In this small project we will use the logistic regression to predict breast cancer using the dataset providad in sklearn

In [0]:
# Importing libraries
import numpy as np
import pandas as pd
import matplotlib.pyplot as plt
from sklearn import datasets
from sklearn.model_selection import train_test_split
from sklearn.preprocessing import StandardScaler
from sklearn.linear_model import LogisticRegression
from sklearn.metrics import confusion_matrix
# the next libraries are for metrics of the model
from sklearn.metrics import precision_score, accuracy_score, recall_score, f1_score, roc_auc_score

In [2]:
# Importing the dataset
dataset = datasets.load_breast_cancer()
dataset.keys()

dict_keys(['data', 'target', 'target_names', 'DESCR', 'feature_names', 'filename'])

In [0]:
# A brief explication of the dataset
print(dataset.DESCR)

In [0]:
# For this case, all the information about the tumour is set on X
# y is 1 if the tumor is malignant and 0 if it is benign
X = dataset.data
y = dataset.target

In [0]:
# Dividing the data into train and test
x_train, x_test, y_train, y_test = train_test_split(X,y, test_size =0.2)

In [0]:
# The next step is scaling the data in the same magnitude
# because some variables are in gr, ml, mm
# They are in a differente type of measure
# We use fit_transform just in the train_data beacause we want to 
# normalize that value, if we use it in test too the model will have a 
# doble vectorization

scaler = StandardScaler()
x_train = scaler.fit_transform(x_train)
x_test = scaler.transform(x_test)

In [0]:
# Calling the model
log = LogisticRegression()

In [18]:
# Training the model
log.fit(x_train, y_train)

LogisticRegression(C=1.0, class_weight=None, dual=False, fit_intercept=True,
                   intercept_scaling=1, l1_ratio=None, max_iter=100,
                   multi_class='auto', n_jobs=None, penalty='l2',
                   random_state=None, solver='lbfgs', tol=0.0001, verbose=0,
                   warm_start=False)

In [0]:
# Making predictions with the test data
y_pred = log.predict(x_test)

In [23]:
# Now it's time to see how many good predictions has the model 
# To do that we will use a confusion matrix
matrix = confusion_matrix(y_test, y_pred)
print(matrix)

[[33  4]
 [ 0 77]]




1.   33 values where predicted as malignant cancer and indeed the data tell us that they are cancer.
2.   77 observations where predicted as benign and effectively the data is showed as benign
3.   4 cases where observated as benign and in real they are malignant
4.   0 cases diagnosticated as malignant and in real are benign.


In [55]:
# the intercept of our model
log.intercept_

array([0.00652354])

In [54]:
# The coef of our model
log.coef_

array([[-0.31298084, -0.48109077, -0.32639824, -0.38086679, -0.31257755,
         0.41326128, -1.02756373, -1.01200474,  0.23797808,  0.298702  ,
        -1.19555254,  0.20383072, -0.85581427, -0.86757443, -0.22583281,
         1.20896325, -0.03557877, -0.45911753,  0.3193126 ,  0.61196531,
        -0.9795635 , -0.90350727, -0.92216016, -0.92579619, -0.65991489,
         0.18123455, -0.91688204, -0.76679806, -0.8348285 , -0.48503981]])

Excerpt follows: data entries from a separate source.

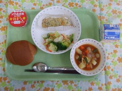 牛乳・ロールパン・鮭のパン粉焼き・ブロッコリーサラダ・ミネストローネ・ヨーグルト
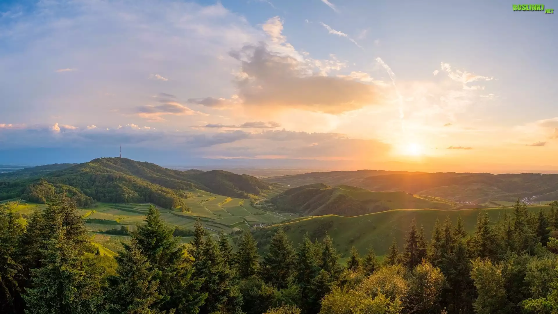 Rośliny: Promienie słońca, Wzgórza, Pola, Drzewa, Las, Góry, Kaiserstuhl, Niemcy
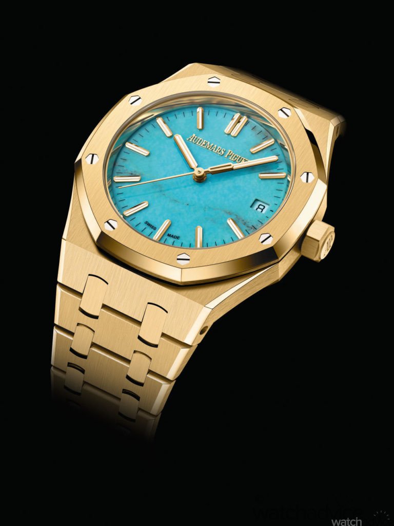 Audemars Piguet has unveiled a first-off for the brand with the release of a new Royal Oak Selfwinding yellow gold with a stunning natural turquoise dial. This combination of precious metal and stones gives this timepiece a radiant aesthetic look. Helped further by Audemars Piguet’s fine craftsmanship and finishing. Turquoise has been used in jewellery for the past 3000 years, and while being a rare stone, it also represents a wealth of positive attributes, making it a perfect fit for the Royal Oak collection.
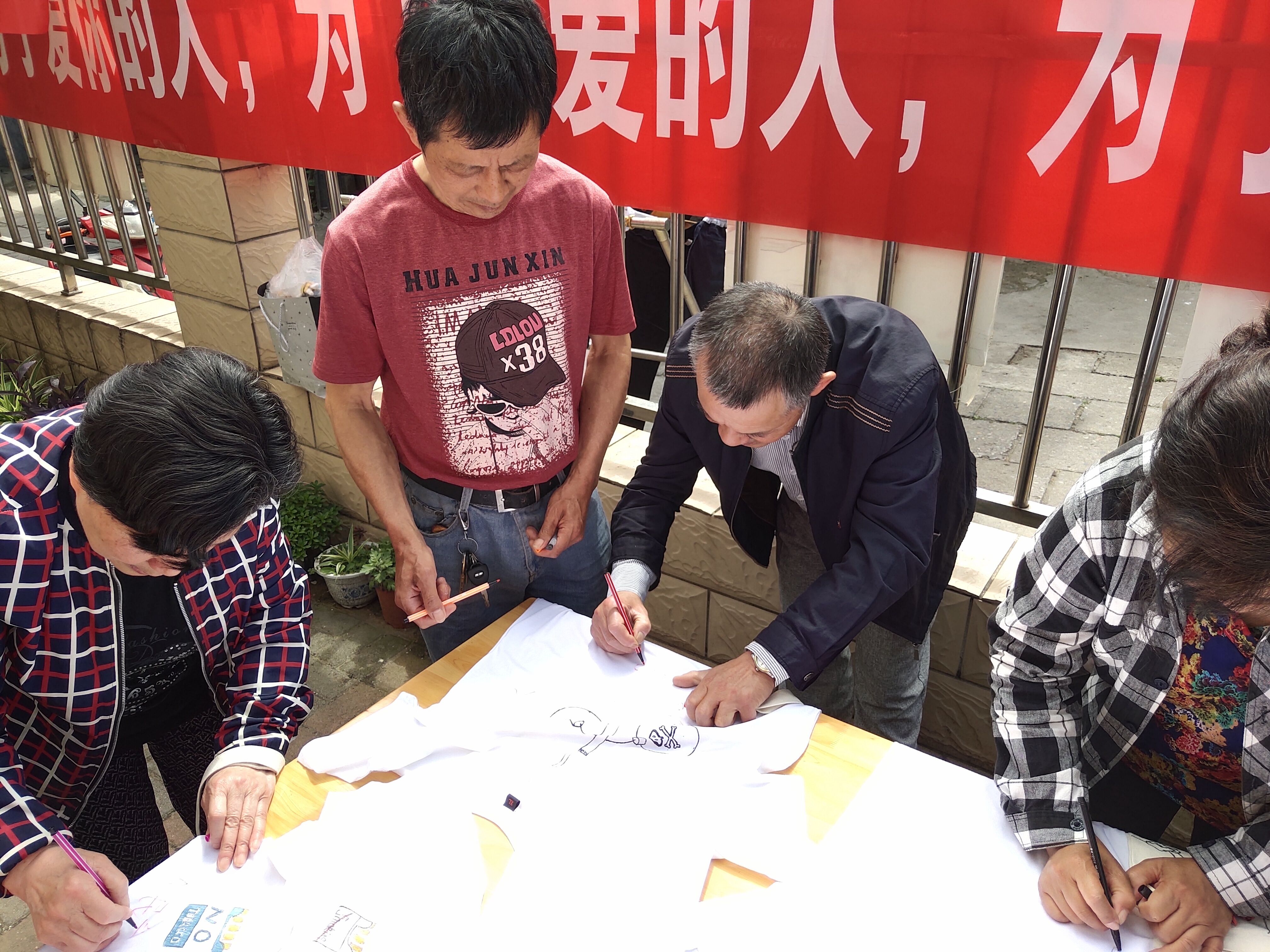志愿者们早上9点来到风车山社区,以社区成员为对象进行问卷调查,以此了解社区成员对吸烟的态度。通过调查结果志愿者了解到居民基本上都希望世界无烟,并表示会珍爱健康。随后志愿者们以小讲座的方式通过实例讲解为社区群众讲述了吸烟的危害、戒烟的方法和“世界无烟日”的内涵。志愿者们与社区成员在街道空地共同绘画世界无烟日宣传图案,路过行人中的吸烟者都自觉地熄灭嘴里的烟,不少人投来赞赏的目光。

$$y = \frac{0.00652354}{(1+e^{-x})} $$

Where x is the vector showed before

In [29]:
# Tests to the model
precision = precision_score(y_test, y_pred)
accuracy = accuracy_score(y_test, y_pred)
recall = recall_score(y_test, y_pred)
f1 = f1_score(y_test, y_pred)
precision, accuracy, recall, f1

(0.9506172839506173, 0.9649122807017544, 1.0, 0.9746835443037974)

In [31]:
# ROC curve
roc_auc = roc_auc_score(y_test, y_pred)
roc_auc

0.9459459459459459

Our model is pretty good :)


In [51]:
# Making a simple prediction when all x values are ones
x_new = np.ones(30).reshape(1,-1)
y_pred_new = log.predict(x_new)
y_pred_new

array([0])

Our prediction tell us that the when the tomour has that values(ones) is benign. Remind that if the predict values is >= 0.5 is consider 1 and if it is <0.5 is consider as 0.